Similarly, as an intermediate lifter, the average increases to about 150% of body weight for men and 118% for women. Advanced male lifters will deadlift 210% of their body weight (females 160%). Finally, an elite male lifter will deadlift at least 260% of his body weight, on average. Whereas, an elite female will deadlift at least 200% of her body weight, on average. And then the actual professionals will blow these figures out of the water.
Keep in mind that these percentages are rough estimates based on averages and are greatly influenced by many factors (see below for more info).
So, what kind of poundage are we talking about here?
Strength training and weightlifting experts, Mark Rippetoe and Lon Kilgore, estimate that an average 198 pound male can lift 155 pounds even without training (i.e. untrained). After a couple of years of proper training, that same lifter should be able to deadlift 335 pounds (i.e. intermediate). Then 460 pounds a year later (i.e. advanced).
Tim Henriques who has been a competitive powerlifter for over 20 years, has set several records, and coached his powerlifting team to winning championships offers these standards for the deadlift (Source)…
- Decent – 315 lbs or 1.5x bodyweight
- Good – 405 lbs or 2x bodyweight
- Great – 495 or 2.75x bodyweight
- Decent – 115 lbs or 1x bodyweight
- Good – 185 lbs or 1.5x bodyweight
- Great – 225 or 2x bodyweight
Now, if we look to the military, most Navy SEAL candidates can deadlift between 1.5 and 2.33 times their body weight (Source). And they’re encouraged to be able to deadlift at least 1.75 times their bodyweight (or 1.5 times bodyweight for five reps).

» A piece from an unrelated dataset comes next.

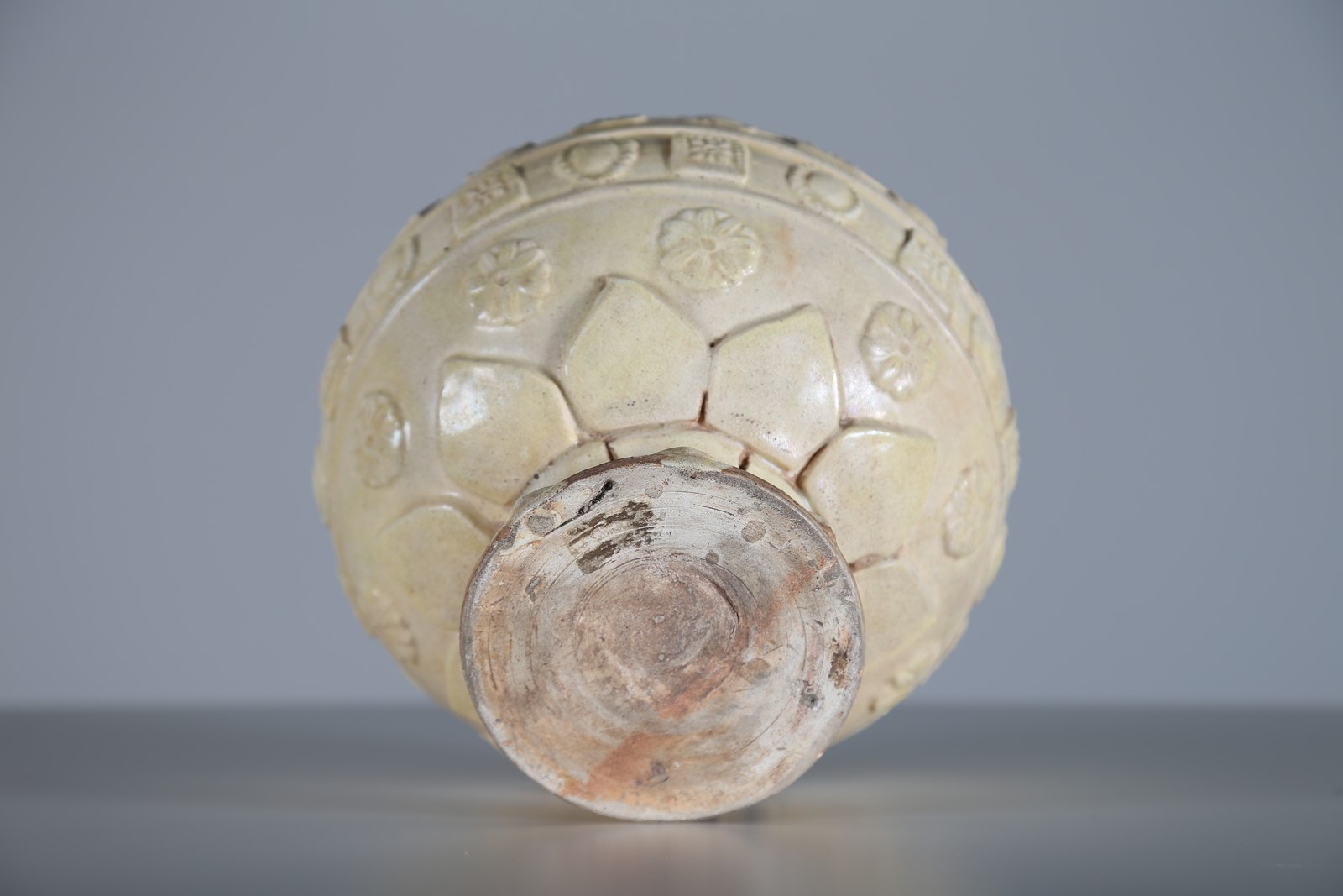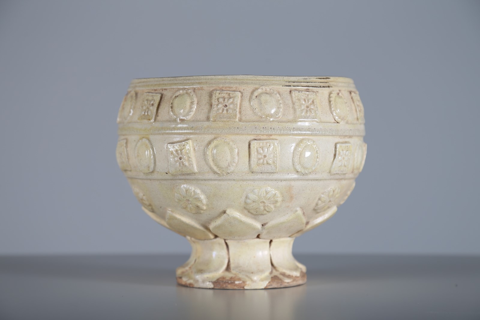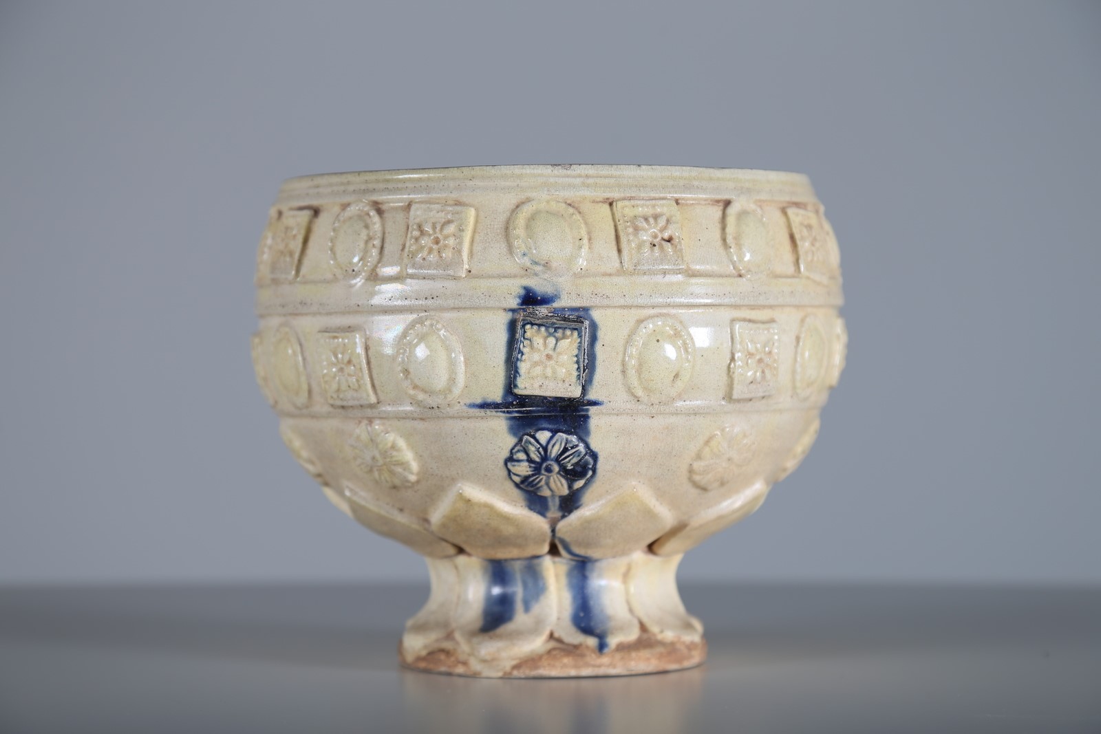 Cina, XIX secolo o antecedente. -. Cm 18,00 x 17,00. In terracotta invetriata nei colori sancai ed impressa con corona di petali sul piede circolare e due fasce con motivi floreali entro rettangoli alternati a cartucce ovali.

Lastly, your typical fitness magazine or online publications will generally list deadlift standards between 1.5 to 2.5 times body weight for men (e.g. see examples from Men’s Fitness here, Men’s Health here, and Livestrong here).
What About Us Ambitious Types?
Christian Finn who is a well-respected fitness coach says that, “deadlifting twice your bodyweight (for a single repetition) represents a good level of strength for most people.” (Source) He also says that a “500-pound deadlift for a single lift is impressive for a drug-free, genetically “average” male weighing around 190 pounds.” (Source) Similarly, Stuart McRobert, author ofBrawn, agrees that 500 pounds is a respectable goal to strive for.
So, for the guy who wants to get big and strong, but isn’t necessarily interested in competing, 500 pounds is a common recommendation for serious, non-competitive lifters. This is approximately 2.5 times body weight of the average American male, and is nearing the upper end of what a heavyweight, recreational lifter will be able to achieve. On the other hand, skinny, lightweight lifters can expect to be able to deadlift over three times their bodyweight with a comparable amount of training. So, as mentioned before, many factors play into the equation.
What about older lifters?
Lifters who are older than 40 years old can expect their age-adjusted deadlift standards to be roughly 10-40% less than those listed above, depending on your age. Generally speaking, the older you get, the lower your standards will be. (Source)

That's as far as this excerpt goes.